Your answer must be the exact lines of the listing below that run from the line with "Σήμερα, όσο ποτέ" to the line with "Figura 1 - Página", ends included, and no pictures.

== Data extract ==

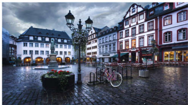
兩大河匯合之處「科布倫茲」

科布倫茲位於萊茵河和摩塞爾河兩河匯合之處，風景優美，是個讓人心情開朗的小城。於二次大戰中城市受到相當嚴重的破壞，所以城內新建築相當多，許多有歷史的教堂、城堡、要塞、宮殿還是復原的相當好。
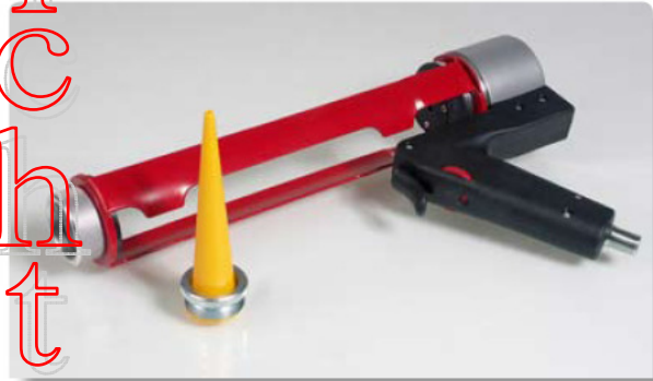
Original Design & Herstellung
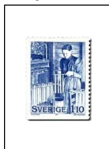
Confection de bougies de Noël
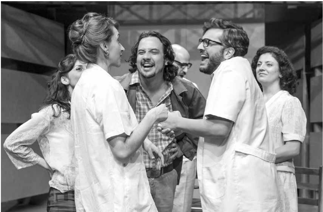
Na Cia Elevador, a maioria dos atores e o diretor são professores
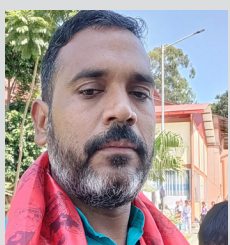
माओवादीलाई बाहिर भित्र दुबै ठाउँबाट धोका
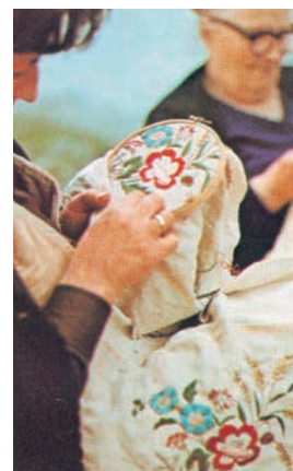
Εικόνα 31.3: Από την κεντητική τέχνη της Θράκης

Σήμερα, όσο ποτέ άλλοτε, υπάρχουν μέρη της περιφέρειας που αντιστέκονται στην αστικοποίηση και προσπαθούν να διατηρήσουν τον παραδοσιακό τρόπο ζωής. Οι κάτοικοι προβάλλουν τις φυσικές
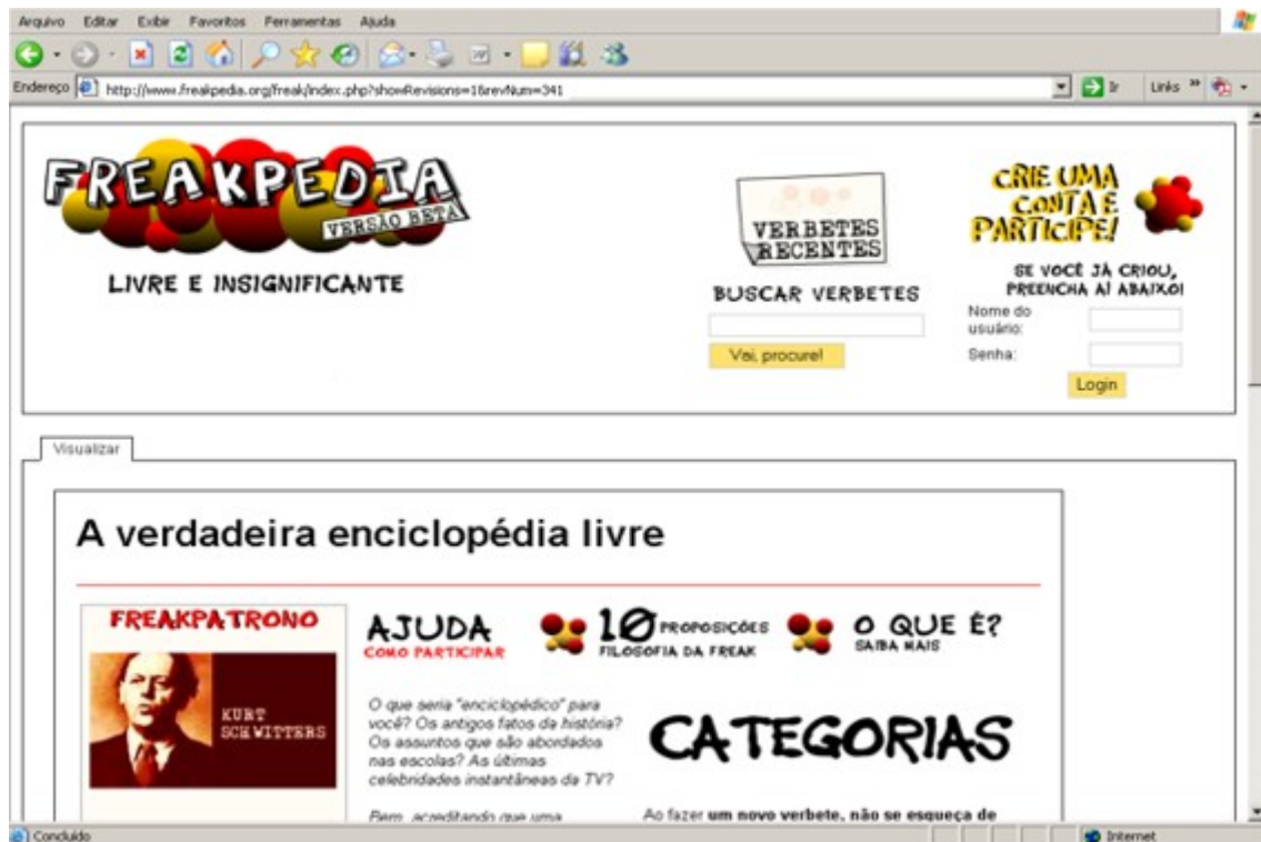
Figura 1 - Página Principal da Freakpedia (www.freakpedia.org)

colaborativo em que são aceitas contribuições de verbetes de pouca ou nenhuma relevância para toda a humanidade. Em outras palavras, subverte-se a idéia do rigor enciclopédico para dar espaço aos fatos, assuntos e personalidades que estariam distantes da importância ansiada em outras enciclopédias, tendo como único pré-requisito, a veracidade daquilo que é publicado. Como uma síntese das idéias trazidas nesta “enciclopédia estranha”, há 10 proposições iniciais que conduzirão conceitualmente aqueles que participarão do projeto:

===

Reply:
Σήμερα, όσο ποτέ άλλοτε, υπάρχουν μέρη της περιφέρειας που αντιστέκονται στην αστικοποίηση και προσπαθούν να διατηρήσουν τον παραδοσιακό τρόπο ζωής. Οι κάτοικοι προβάλλουν τις φυσικές
Figura 1 - Página Principal da Freakpedia (www.freakpedia.org)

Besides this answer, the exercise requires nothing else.